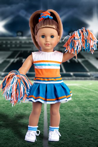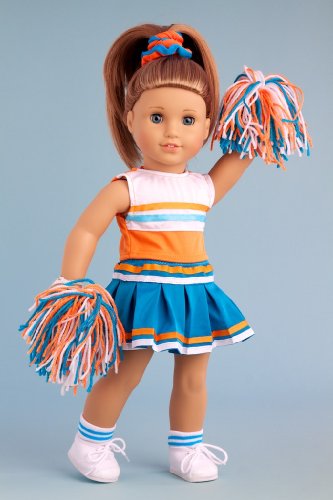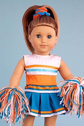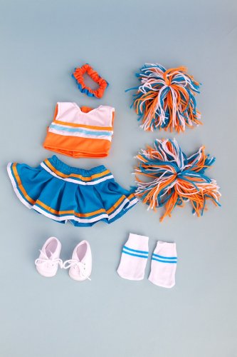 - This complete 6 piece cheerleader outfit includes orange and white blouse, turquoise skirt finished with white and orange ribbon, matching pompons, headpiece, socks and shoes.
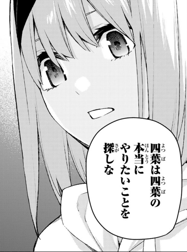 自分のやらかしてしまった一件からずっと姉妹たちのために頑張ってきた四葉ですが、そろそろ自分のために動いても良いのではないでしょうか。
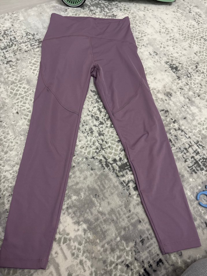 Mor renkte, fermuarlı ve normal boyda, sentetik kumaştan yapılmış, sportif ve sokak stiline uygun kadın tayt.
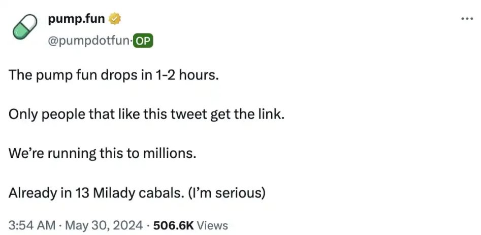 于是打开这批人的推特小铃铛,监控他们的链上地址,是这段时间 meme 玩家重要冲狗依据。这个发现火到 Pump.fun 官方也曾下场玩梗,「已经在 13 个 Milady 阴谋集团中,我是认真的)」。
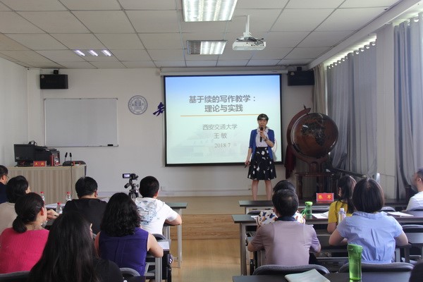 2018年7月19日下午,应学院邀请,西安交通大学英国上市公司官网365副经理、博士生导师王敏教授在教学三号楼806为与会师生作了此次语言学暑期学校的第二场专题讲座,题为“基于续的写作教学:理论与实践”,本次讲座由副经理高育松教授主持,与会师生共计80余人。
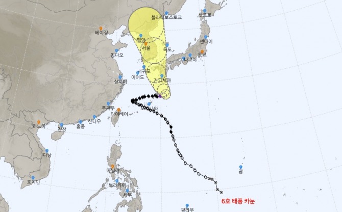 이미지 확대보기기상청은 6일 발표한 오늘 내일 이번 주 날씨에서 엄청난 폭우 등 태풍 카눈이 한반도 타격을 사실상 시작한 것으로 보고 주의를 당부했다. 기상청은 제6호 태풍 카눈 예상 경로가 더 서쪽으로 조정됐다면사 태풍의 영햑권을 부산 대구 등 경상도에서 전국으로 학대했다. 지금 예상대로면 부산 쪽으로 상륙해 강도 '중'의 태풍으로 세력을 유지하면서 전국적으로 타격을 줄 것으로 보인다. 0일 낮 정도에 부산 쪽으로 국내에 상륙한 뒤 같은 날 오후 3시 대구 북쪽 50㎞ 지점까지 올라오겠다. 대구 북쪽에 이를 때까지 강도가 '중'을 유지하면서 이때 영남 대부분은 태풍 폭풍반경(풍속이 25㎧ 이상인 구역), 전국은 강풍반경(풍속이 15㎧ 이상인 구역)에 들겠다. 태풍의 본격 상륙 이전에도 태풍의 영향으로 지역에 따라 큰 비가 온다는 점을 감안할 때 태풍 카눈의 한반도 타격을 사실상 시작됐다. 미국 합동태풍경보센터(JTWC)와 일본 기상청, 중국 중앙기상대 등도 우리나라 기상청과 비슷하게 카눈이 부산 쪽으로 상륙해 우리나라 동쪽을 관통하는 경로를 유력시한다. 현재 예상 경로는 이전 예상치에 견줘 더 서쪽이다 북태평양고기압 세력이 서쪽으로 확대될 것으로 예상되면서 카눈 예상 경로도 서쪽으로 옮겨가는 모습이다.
# # # #
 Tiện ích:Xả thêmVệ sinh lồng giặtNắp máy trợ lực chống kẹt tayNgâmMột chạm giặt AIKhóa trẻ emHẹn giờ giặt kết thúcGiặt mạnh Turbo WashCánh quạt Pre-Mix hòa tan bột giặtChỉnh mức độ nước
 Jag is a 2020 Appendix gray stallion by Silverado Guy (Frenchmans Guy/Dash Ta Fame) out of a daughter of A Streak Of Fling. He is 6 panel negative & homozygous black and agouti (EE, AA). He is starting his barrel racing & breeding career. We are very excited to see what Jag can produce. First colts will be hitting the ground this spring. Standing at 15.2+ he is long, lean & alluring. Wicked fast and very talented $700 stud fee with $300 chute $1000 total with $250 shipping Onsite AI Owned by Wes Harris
# # # #
What the task asks. The expected output is exactly the lines of the listing above between the line holding "Tiện ích:Xả thêmVệ" and the line holding "Jag is a 2020", inclusive.

Task solution.
 Tiện ích:Xả thêmVệ sinh lồng giặtNắp máy trợ lực chống kẹt tayNgâmMột chạm giặt AIKhóa trẻ emHẹn giờ giặt kết thúcGiặt mạnh Turbo WashCánh quạt Pre-Mix hòa tan bột giặtChỉnh mức độ nước
 Jag is a 2020 Appendix gray stallion by Silverado Guy (Frenchmans Guy/Dash Ta Fame) out of a daughter of A Streak Of Fling. He is 6 panel negative & homozygous black and agouti (EE, AA). He is starting his barrel racing & breeding career. We are very excited to see what Jag can produce. First colts will be hitting the ground this spring. Standing at 15.2+ he is long, lean & alluring. Wicked fast and very talented $700 stud fee with $300 chute $1000 total with $250 shipping Onsite AI Owned by Wes Harris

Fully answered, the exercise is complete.